One of the very best enlarging papers I've used is Fomatone MG 542. Several years ago, I bought a few boxes from Freestyle and found it worked very well for my needs in creating fine art prints that conveyed a pictorial look. Unfortunately, when I went back to Freestyle to purchase additional stock, I was told it had been discontinued. While a Foma FB paper has since reappeared on Freestyle's website, where it is currently shown as item 41784, I am not sure it is in fact the same since it is now described as double weight rather than triple weight and there is no mention of the distinctive "chamois" surface. In this regard, the manufacturer's own (somewhat confusing) website distinguishes between 532 and 542 papers. In any event, it should here be emphatically noted that these "classic" papers differ from other Fomatone MG papers in that they use a baryta paper base rather than a resin coated base. Those interested should obviously check with Freestyle before placing an order. Foma itself enclosed a note with the paper that read:
"The delivery of Fomatone MG Classic... Fomatone MG 542 Chamois... or other varieties of this type of paper is a subject of an agreement with the manufacturer."

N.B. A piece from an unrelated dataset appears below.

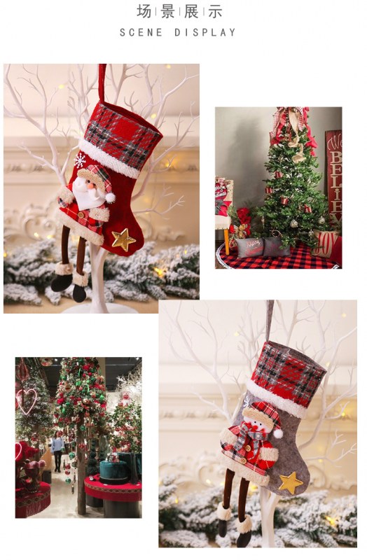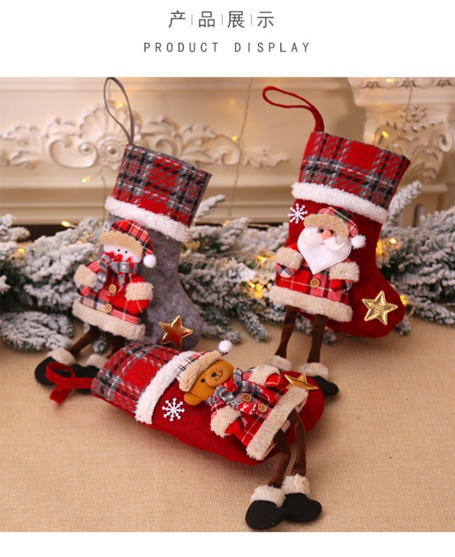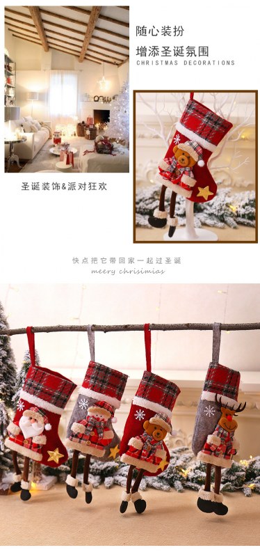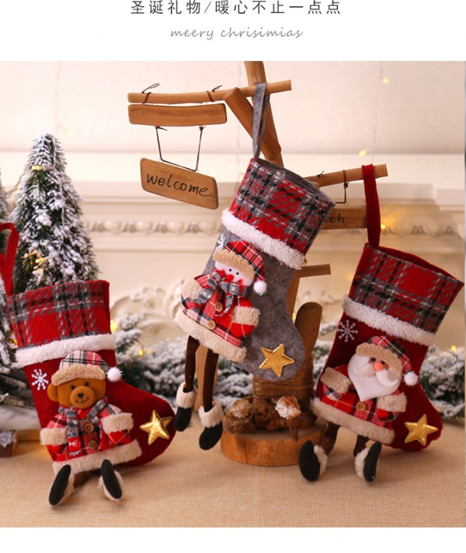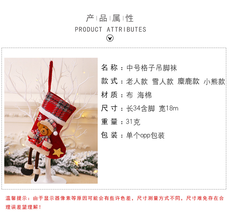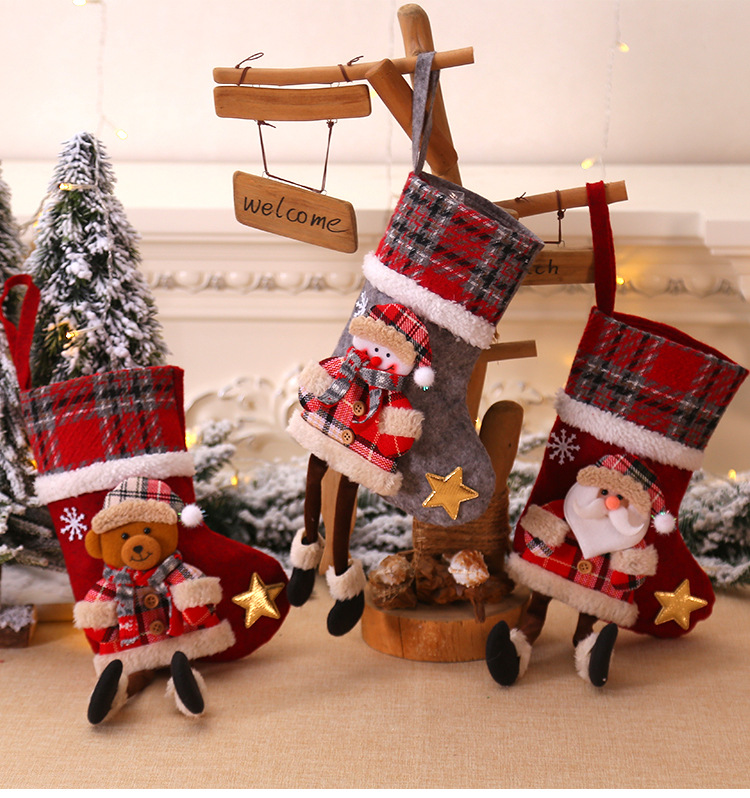 • クリスマス中チェック柄靴下クリスマスツリーの装飾品子供祭りキャンディーバッグ家の装飾用品卸売

In the same flyer enclosed inside the box, the paper is described as follows:
"Fomatone MG is a variable-contrast paper working in a warm tone, specially designed for portrait photography and retro style works. Its contrast can be varied in a large grade scale from extra soft up to ultra hard by using colour filters at exposure. The paper is manufactured using a special silver chlorobromide emulsion that gives the silver image a brown-green to warm-brown tone that can further be influenced by the type of developer used. The paper base involved is coloured in compliance with the developed silver.This accentuates [the] rich scale of warm halftones ranging from light cream up to saturated brown-to-green-black ones. Regarding its low speed, the paper is designed primarily for contact work. It can be, however, used as an enlargement paper as well."
Although I primarily used the paper to print fine art nudes shot on infrared film, I here used it to print portraits of the model Marta whose digital photos are shown in the preceding post.